Here’s what bothered me about the book and prevented me from rating it a thousand stars, like some people want to do.

The mechanics are a little clunky. I can’t help it; during almost everything I read now, a small part of my editor brain is constantly awake and evaluating how I think the piece was written. The shifting timelines in this book were a little jarring to me. The book opens in the past. All we know is that a Black woman is running away from something big and her head itches like crazy. While Black readers will probably get that last reference right away, for those of us who don’t it’s just strange. Why isn’t she trying to get medical help, I wondered.

I was really disappointed at the ending. The basic premise of the book is this: Nella works for Wagner Books, the publisher that released her dream book decades earlier. The book was written by a Black woman and edited by a Black woman. Nella’s ambition is to be a part of team like that. She struggles, though, because she’s pretty much one of only a small handful of Black employees at Wagner and most certainly one of the highest ranking. Given that she’s an editorial assistant, that’s not saying much.

In the few years she’s been working for Wagner, she’s made half-hearted attempts at bringing up diversity. No one seems to care, and after a while she quits talking about it. When Hazel gets hired, then, Nella is thrilled. Not only will she have another Black employee to bond with—maybe they’ll become best friends!—but she feels like she’ll have someone to help her represent her race.
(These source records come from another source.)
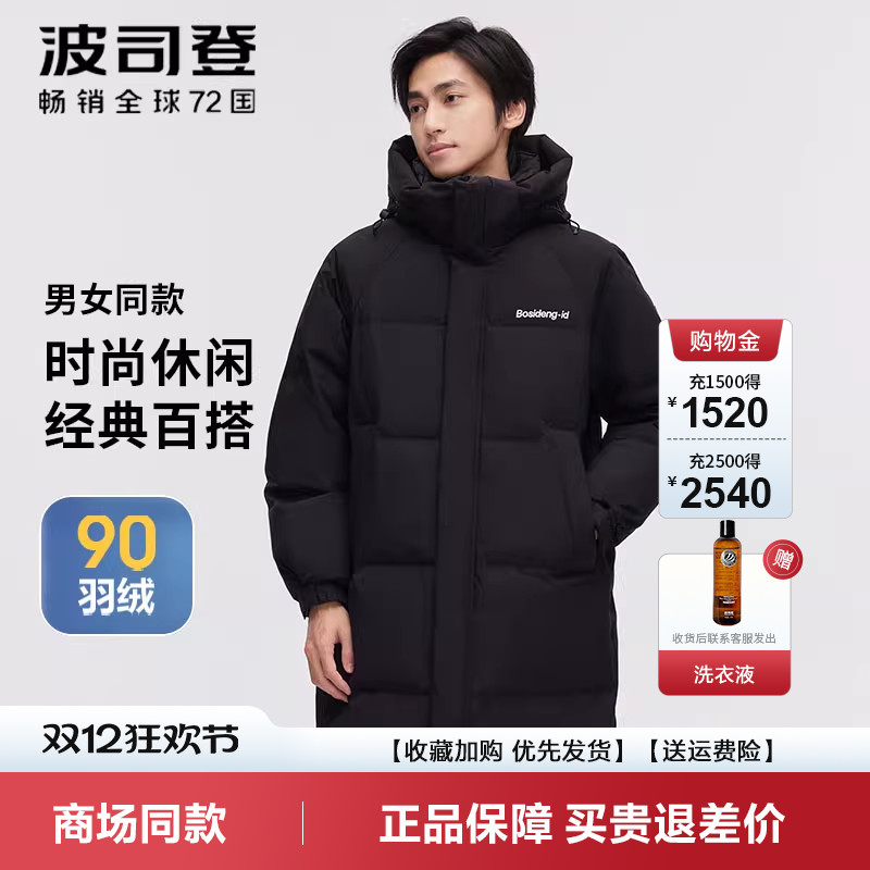 波司登新品男女同款羽绒服连帽时尚花版情侣款冬羽绒服中长款
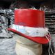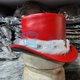 Step into the holiday spirit with this handcrafted Santa-themed Red Leather Top Hat, designed for Christmas lovers, performers, and festive event outfits.
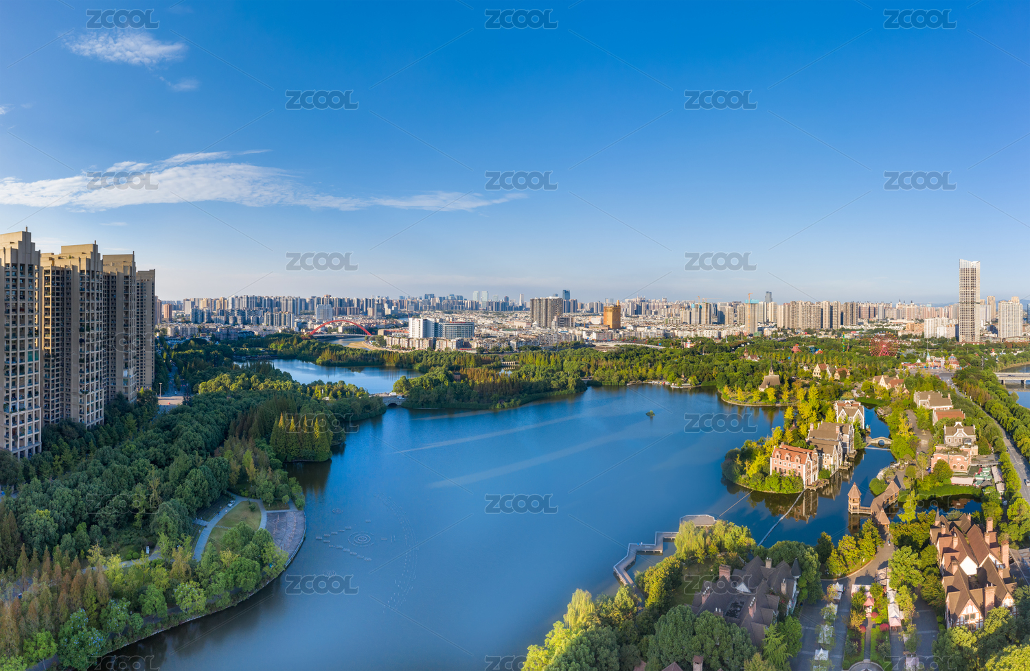 嘉兴桐乡市凤凰湖城市风光
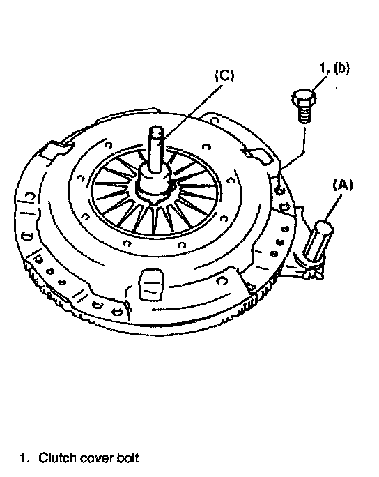 1. Hold flywheel stationary with special tool and remove clutch cover bolts, clutch cover and clutch disc.
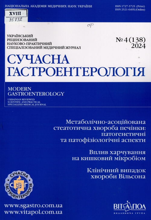 Сучасна гастроентерологія = Modern Gastroenterology : укр. реценз. наук.-практич. спец. журн. / Засновник Нац. акад. мед. наук України, ДУ "Нац. ін-т терапії імені Л. Т. Малої НАМН України", ДУ "Ін-т гастроентерології НАМН України" ; гол. ред. Г. Д. Фадєєнко. – Київ : ВІТ-А-ПОЛ,2024. – № 4 (138). – 118 с.
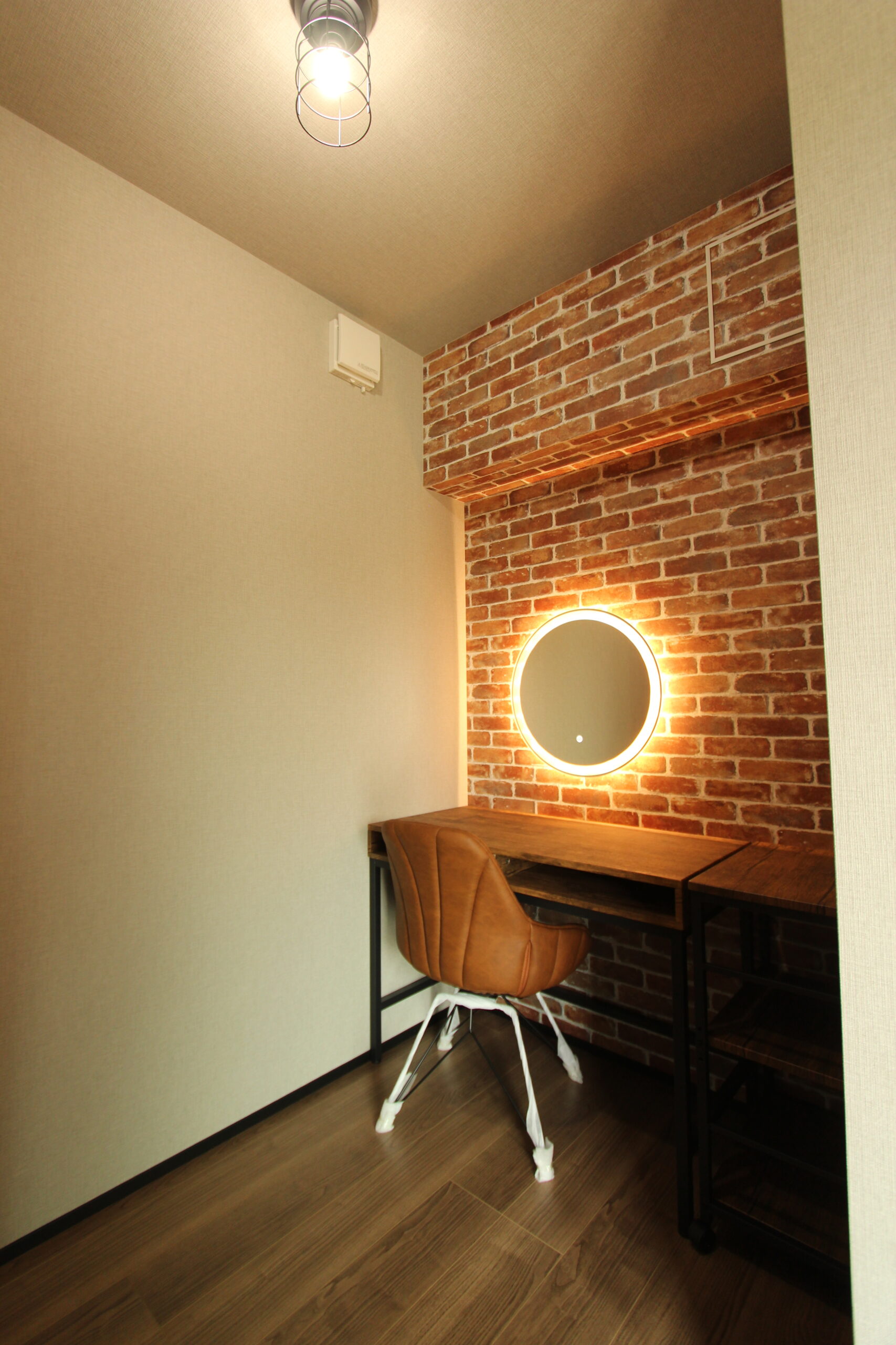 寝室の奥には、落ち着いた雰囲気のメイクルームを配置。身支度の時間を慌ただしい作業にするのではなく、自分だけの特別なひとときとして楽しめるプライベート空間に仕上げました。朝の準備や夜のリラックスタイムも、心にゆとりをもたらします。
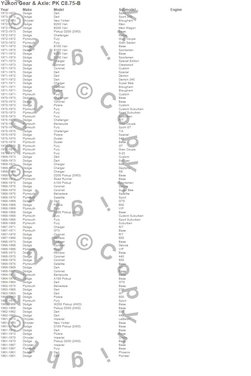 Barracuda, Belvedere, Belvedere II, Challenger, Charger, Coronet, Dart, Duster, Fury, Fury I, GTX, Imperial, ML350, Monaco, New Yorker, Polara, Road Runner, Satellite, Chrysler, Dodge more…

Hazel, though, does a lot of code-switching; that is, she changes and softens her approach whenever she comes across their white bosses and other employees. At times she agrees with Nella on things in private, and then she’ll turn right around and contradict herself when the head of Wagner shows up. Nella can’t stand it, but it seems like everyone is literally falling under some sort of weird Hazel spell.

I don’t want to spoil how this all comes about, but through the course of the book Nella learns how the people she admired most made decisions that directly affect her career. In the climax, Nella has to make a choice that can change the trajectory of her life. By the end, she’s made big compromises.
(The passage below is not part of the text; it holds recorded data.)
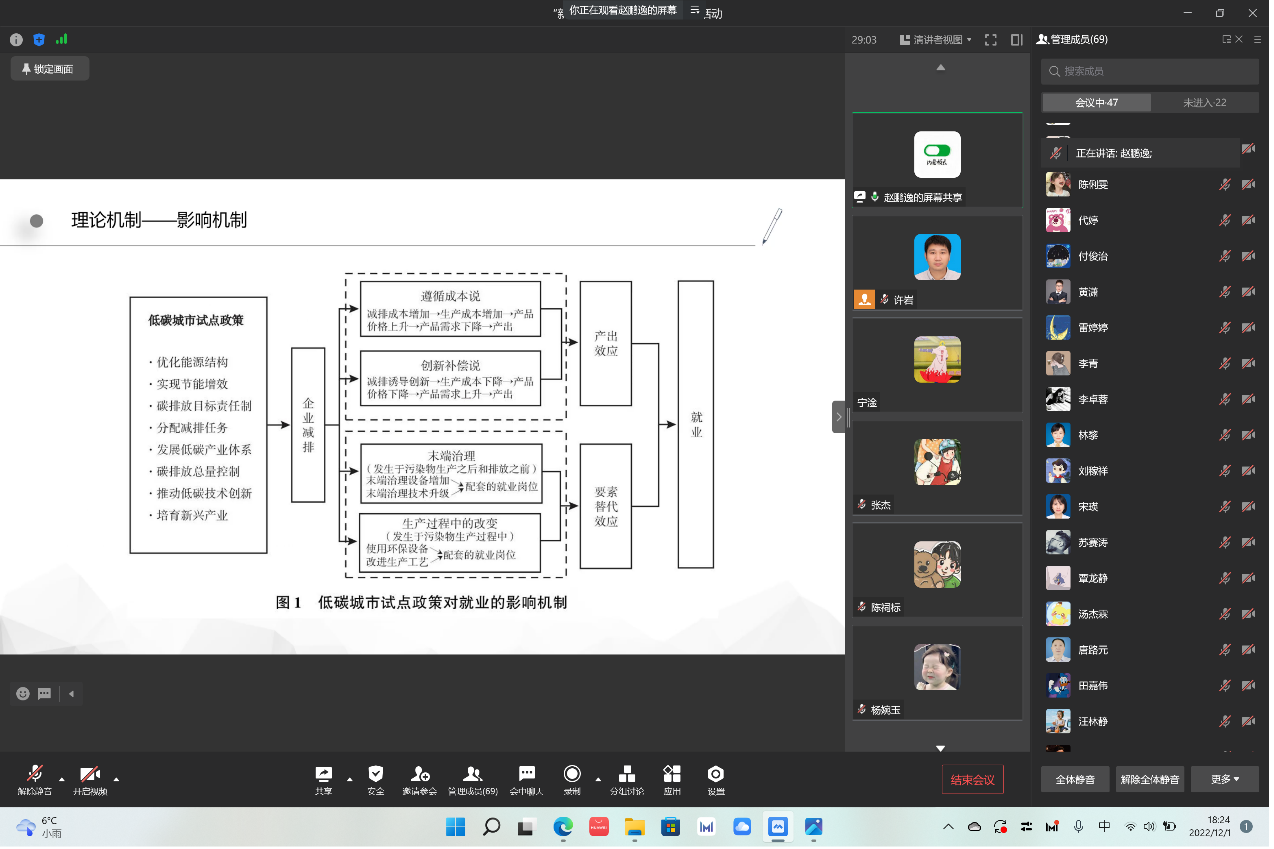 活动的第二个环节,由2021级人口资源与环境专业研究生赵鹏逸分享题为《低碳转型冲击就业吗——来自低碳城市试点的经验证据》(载于《中国工业经济》2022年第5期)的学术论文。赵鹏逸为大家讲解了该文的思路脉络,着重阐述了论文研究中运用到的理论模型、实证模型、指标选取、数据来源、计量分析和结果讨论等内容,以及自己阅读此文的收获。随后,黄潇老师从技术路线的角度对赵鹏逸的分享进行了点评,特别讲述了如何从渐进双重差分的角度对该文进行有益的扩展研究。
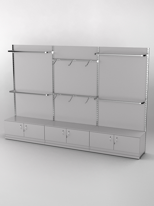 Система «Элегант» — представляет собой стальные перфорированные L-образные стойки длиной 2400мм, сечением трубы 38х38мм с фурнитурой. Стойки скрепляются между собой через определенные расстояния металлическими стяжками. Специализированная фурнитура представляет собой крючки, кронштейны, поручни и полкодержатели, которые вставляются в пазы стоек. Высота и ширина текущей конструкции может быть уменьшена, либо увеличена по желанию заказчика. Также возможен вариант размещения зеркальных или ЛДСП панелей, или экономпанелей между стойками, что позволит придать помещению эксклюзивный вид.
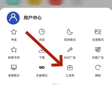 首先打开X浏览器,进入用户中心,点击【工具箱】。
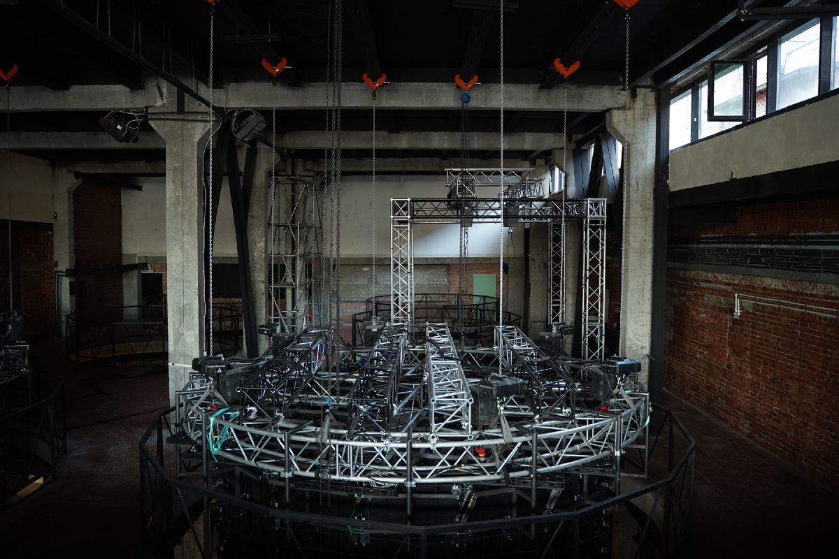 «Даже на этапе непосредственного монтажа инсталляции то и дело появлялись несостыковки, которые приходилось оперативно исправлять. Но это нормально, учитывая сложность установки оборудования. Главное, что мы смогли добиться результата, который был изначально задуман», — Арсений Тюрин, креативный директор выставки.
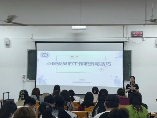 为了进一步推动公司员工心理健康教育,提升员工的心理健康素养,引导员工增强维护心理健康的意识与心理调适能力。公司于5月16日晚在五教602开展了心理委员与寝室长联合培训暨十佳心委颁奖活动。校心理咨询中心文梦雪老师应邀来公司专题培训活动,活动由院团总支书记魏丹主持,公司党委副书记缪智文参加,23级至21级各班心理委员与寝室长参与。

Not that fiction is supposed to fix things, but is this how we’re supposed to solve these problems? Is this really the message that should go out at a time when BIPOC authors, agents, editors, and others are fighting to be heard? Yes, I understand that author Zakiya Dalila Harris is a part of that group and that she has some authority to write about the world she did because she worked in it for a couple of years. But, really, I felt let down by the ending.

I certainly didn’t want a fairy-tale ending. That’s just as unrealistic as what happens in the book. But I also didn’t want to end the book with a feeling of, “Well, racism exists, so we’re just going to use that to our advantage somehow.” If being a racist is wrong—and it is—then isn’t using that racism against people equally wrong? And what’s worse, the racism is being used by the oppressed race against other members of the same ethnicity. How does that help anything at all?
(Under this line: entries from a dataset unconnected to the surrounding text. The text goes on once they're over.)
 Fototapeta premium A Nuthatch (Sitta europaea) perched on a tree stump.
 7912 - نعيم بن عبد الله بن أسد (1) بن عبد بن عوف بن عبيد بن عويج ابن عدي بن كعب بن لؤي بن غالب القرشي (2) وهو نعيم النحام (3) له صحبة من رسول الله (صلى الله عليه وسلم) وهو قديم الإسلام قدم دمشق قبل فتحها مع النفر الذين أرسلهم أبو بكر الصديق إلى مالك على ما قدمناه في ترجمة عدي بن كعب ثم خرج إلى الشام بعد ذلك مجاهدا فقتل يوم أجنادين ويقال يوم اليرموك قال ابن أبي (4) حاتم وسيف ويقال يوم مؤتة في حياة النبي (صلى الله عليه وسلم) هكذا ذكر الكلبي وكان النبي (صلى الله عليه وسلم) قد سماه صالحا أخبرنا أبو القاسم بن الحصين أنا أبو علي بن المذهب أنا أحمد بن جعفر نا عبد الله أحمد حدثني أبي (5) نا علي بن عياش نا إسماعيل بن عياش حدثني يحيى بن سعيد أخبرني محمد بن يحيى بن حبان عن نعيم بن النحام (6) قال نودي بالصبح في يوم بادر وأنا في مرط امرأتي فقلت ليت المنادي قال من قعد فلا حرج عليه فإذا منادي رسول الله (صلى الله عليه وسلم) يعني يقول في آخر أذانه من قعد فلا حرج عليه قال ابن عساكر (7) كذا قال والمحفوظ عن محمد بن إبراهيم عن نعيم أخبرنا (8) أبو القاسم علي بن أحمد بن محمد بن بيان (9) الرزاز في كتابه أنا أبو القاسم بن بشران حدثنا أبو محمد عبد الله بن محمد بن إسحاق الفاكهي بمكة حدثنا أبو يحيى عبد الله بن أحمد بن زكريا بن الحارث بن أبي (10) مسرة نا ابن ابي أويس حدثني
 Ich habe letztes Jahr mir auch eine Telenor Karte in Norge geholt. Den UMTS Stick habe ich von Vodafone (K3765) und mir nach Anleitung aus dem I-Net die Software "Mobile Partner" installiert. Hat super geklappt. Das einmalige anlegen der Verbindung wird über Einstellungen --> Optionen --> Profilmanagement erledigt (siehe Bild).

Maybe I’m old-fashioned. Maybe that old adage “Two wrongs don’t make a right” is glued too strongly to my brain. But I just don’t see how Hazel’s “solution” really does anything other than make an already-complicated problem even harder to detangle. It’s a little depressing, actually, like the book is saying we can’t find an actual solution to fix the real problem so we’re just going to take these detours into sort-of fixing it but that actually make it worse.

I wanted to like this book and cheer it on, but as a reviewer I really didn’t think I could give it more than three stars. I am glad, though, that books like these are being released. Even if I don’t agree with their premise or how they portray people, at least the conversations are happening. Without those conversations, we can’t even acknowledge the original problem. In some respects, then, this book does its job. I just wish it wasn’t at the expense of the larger conversation.